## REQUIRED WORK
Your answer must consist solely of the lines from the one containing "Nel frattempo, l’inchiesta" through the last line of the records below, reproduced exactly, with all pictures omitted.

#### EXTRACTED MATERIAL

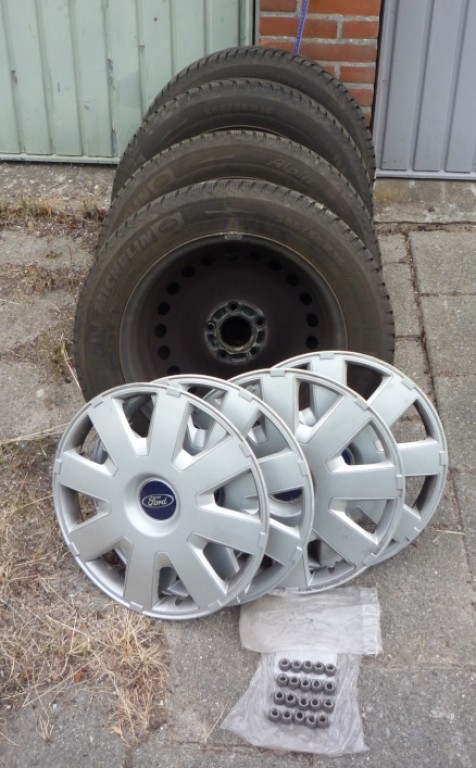 Set van vier Michelin winterbanden Tubeless 205/55 R16, eerder onder Ford Focus Wagon 1.6 TDCI. Met vier bijpassende Ford wieldoppen. Ca 6 mm profiel. Aantal jaren niet gebruikt.
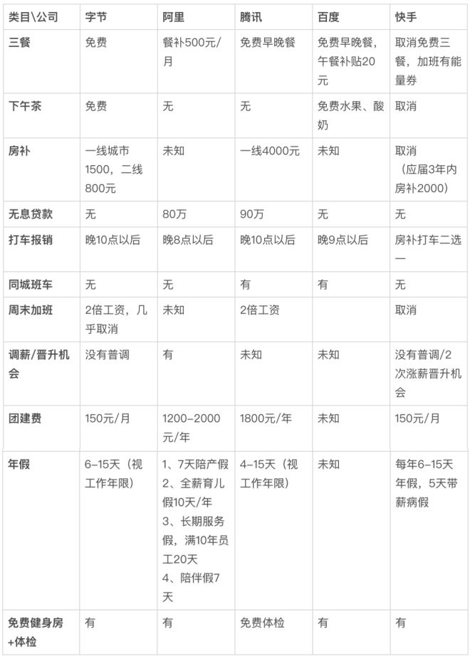 快手福利可能是縮水最嚴(yán)重的,沒(méi)了免費(fèi)三餐,下午茶,大小周加班費(fèi),房補(bǔ)。
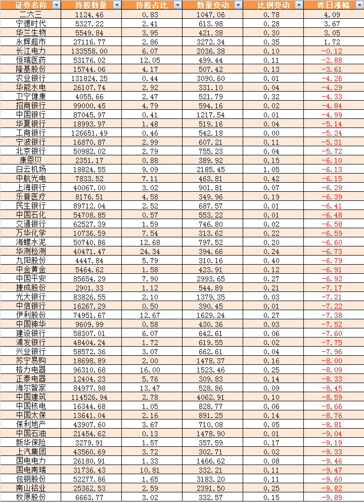 共有108只个股北向资金加仓超过300万股,上述个股中真正跌停的个股只有50%左右,50余只个股抗住了跌停压力,二六三、宁德时代、华兰生物、永辉超市逆市飘红,长江电力微跌0.12%,恒瑞医药、隆基股份、农业银行、华能水电 、卫宁健康、招商银行、中国银行跌幅在5%以内。
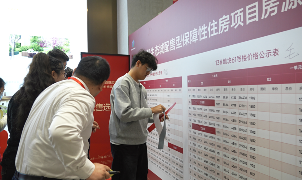 选房期间,青岛组建专项工作组,现场提供政策咨询、项目介绍等“一站式”服务,流程规范有序、高效便民。选房工作严格遵循公平、公正、公开原则,申请家庭在青岛市市中公证处的全程监督下有序选房,现场气氛热烈。项目涵盖和达·智慧生态城9#地块(和达·智慧生态城玥园)以及13#地块(和达·智慧生态城瑜园),户型均为套三设计,面积在88至111平方米之间,配售基准价分别为4946元/平方米(装修)和4402元/平方米(毛坯),优惠的价格切实减轻了居民购房负担,受到了群众的广泛欢迎。
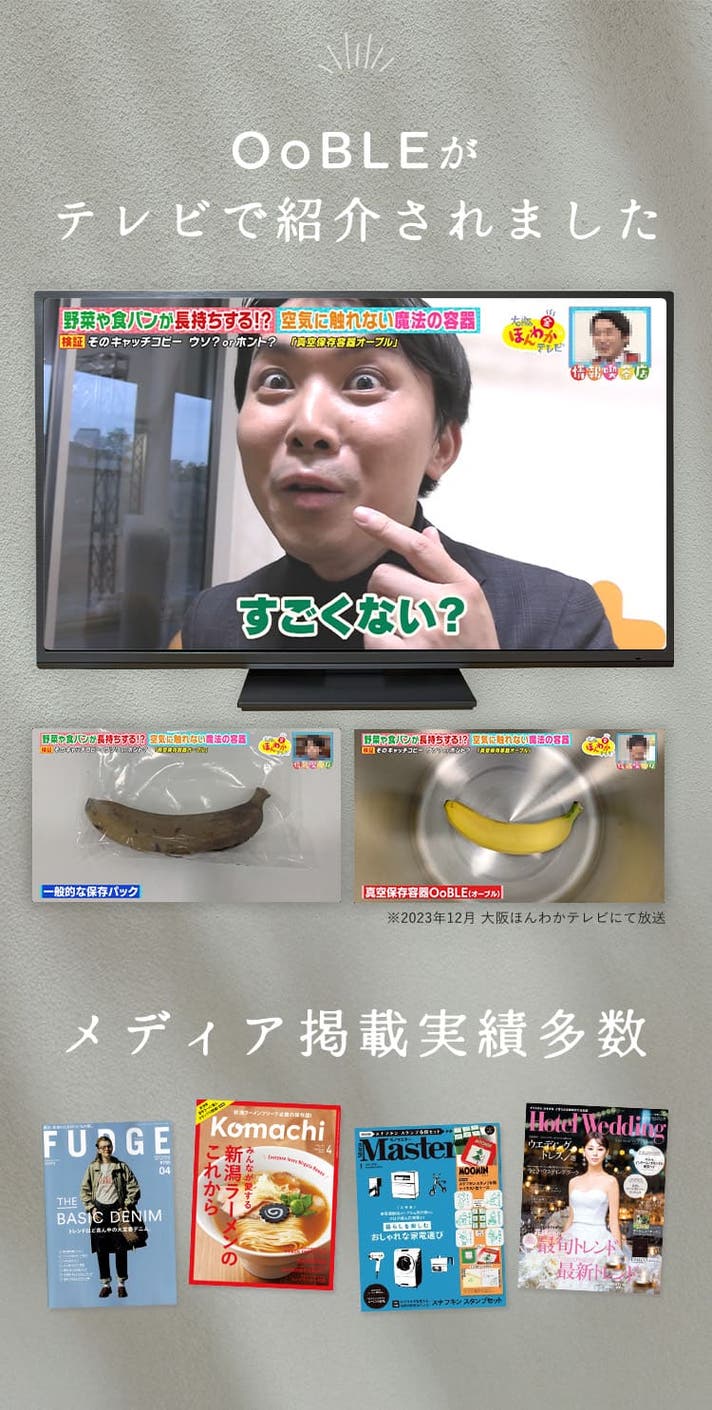 - 応援総額1億7,000万円突破!食材の鮮度をキープする真空保存容器OoBLE
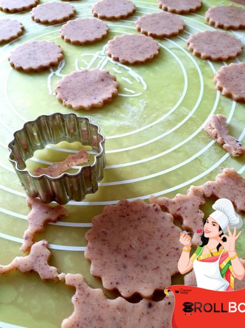Раскатайте тесто на рабочей поверхности до толщины 3 мм на посыпанной мукой рабочей поверхности и вырежьте печенье формочкой диаметром около 5 см.
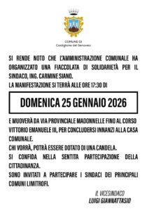 Nel frattempo, l’inchiesta sull’aggressione del 26 dicembre, avvenuta sotto l’abitazione del sindaco nel giorno di Santo Stefano, passata al vaglio della Direzione Distrettuale Antimafia va avanti.  I carabinieri stanno ricostruendo con attenzione la dinamica dell’episodio ritenuto dagli inquirenti un possibile atto intimidatorio legato all’attività amministrativa. Domenica, intanto, Castiglione del Genovesi accenderà le fiaccole per ribadire un messaggio chiaro: le istituzioni non si piegano alla violenza.
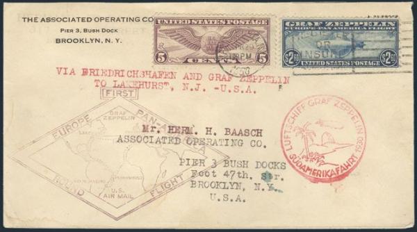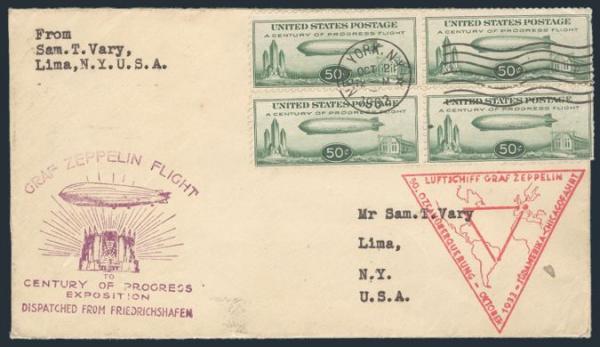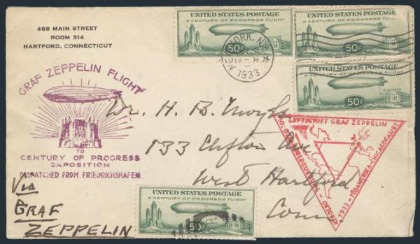 singles), Tied by New York 2 Oct, 1933 cancel on GRAF ZEPPELIN FLIGHT COVER. Has Century of Progress Expo cachet dispatched from Friedrichshafen, plus red triangular South America Zeppelin flight cachet. F, minor scuffing on one stamp (Image)
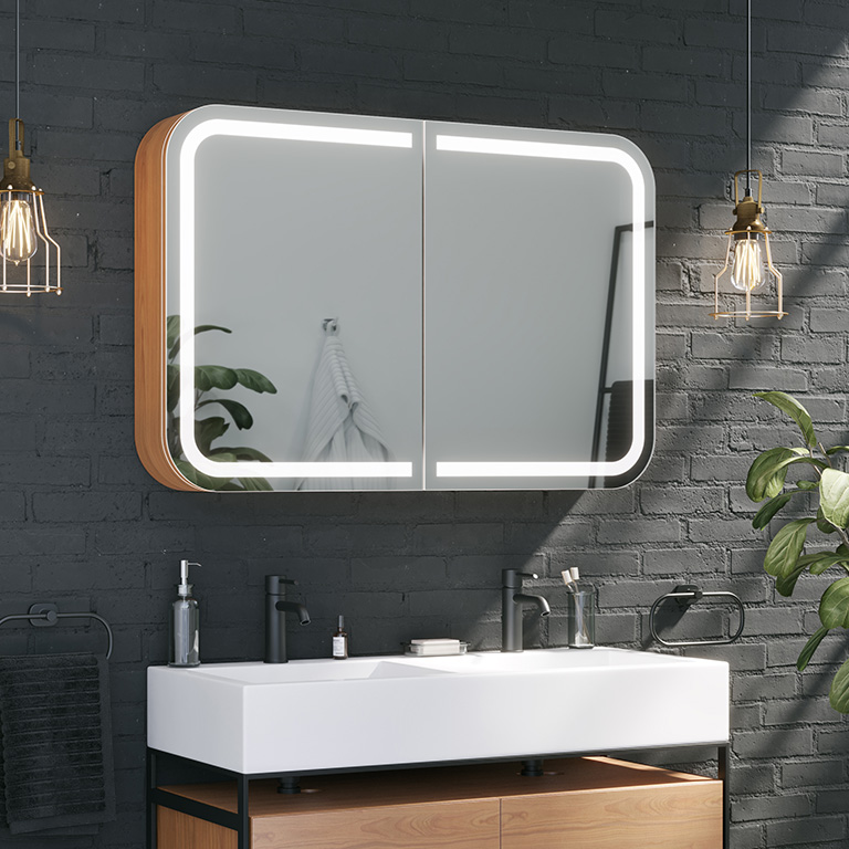 RUKE staat al meer dan 30 jaar synoniem voor elegantie en functionaliteit. Kies voor een luxueuze en originele spiegel met LED-verlichting in een houten frame, die in het oog springt en karakter geeft aan je interieur.
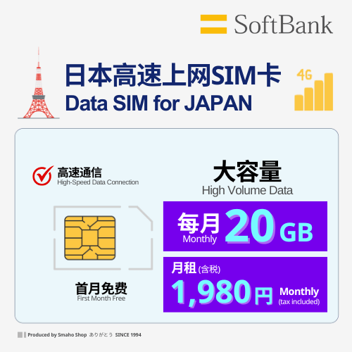 Softbank直回线,每月高速流量20GB,低速不限量。SIM卡插入机器后仅需简单APN设置即可使用。 购买当月月租免费,次月开始计算。商品价格包含 SIM卡发行手续费+购买月数x月租1,980円(含税)。
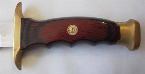 We have on offer this Muel Bowie Knife. Pressed Coral Wood Handle.

########

## TASK RESULT
 Nel frattempo, l’inchiesta sull’aggressione del 26 dicembre, avvenuta sotto l’abitazione del sindaco nel giorno di Santo Stefano, passata al vaglio della Direzione Distrettuale Antimafia va avanti.  I carabinieri stanno ricostruendo con attenzione la dinamica dell’episodio ritenuto dagli inquirenti un possibile atto intimidatorio legato all’attività amministrativa. Domenica, intanto, Castiglione del Genovesi accenderà le fiaccole per ribadire un messaggio chiaro: le istituzioni non si piegano alla violenza.
 singles), Tied by New York 2 Oct, 1933 cancel on GRAF ZEPPELIN FLIGHT COVER. Has Century of Progress Expo cachet dispatched from Friedrichshafen, plus red triangular South America Zeppelin flight cachet. F, minor scuffing on one stamp (Image)
 RUKE staat al meer dan 30 jaar synoniem voor elegantie en functionaliteit. Kies voor een luxueuze en originele spiegel met LED-verlichting in een houten frame, die in het oog springt en karakter geeft aan je interieur.
 Softbank直回线,每月高速流量20GB,低速不限量。SIM卡插入机器后仅需简单APN设置即可使用。 购买当月月租免费,次月开始计算。商品价格包含 SIM卡发行手续费+购买月数x月租1,980円(含税)。
 We have on offer this Muel Bowie Knife. Pressed Coral Wood Handle.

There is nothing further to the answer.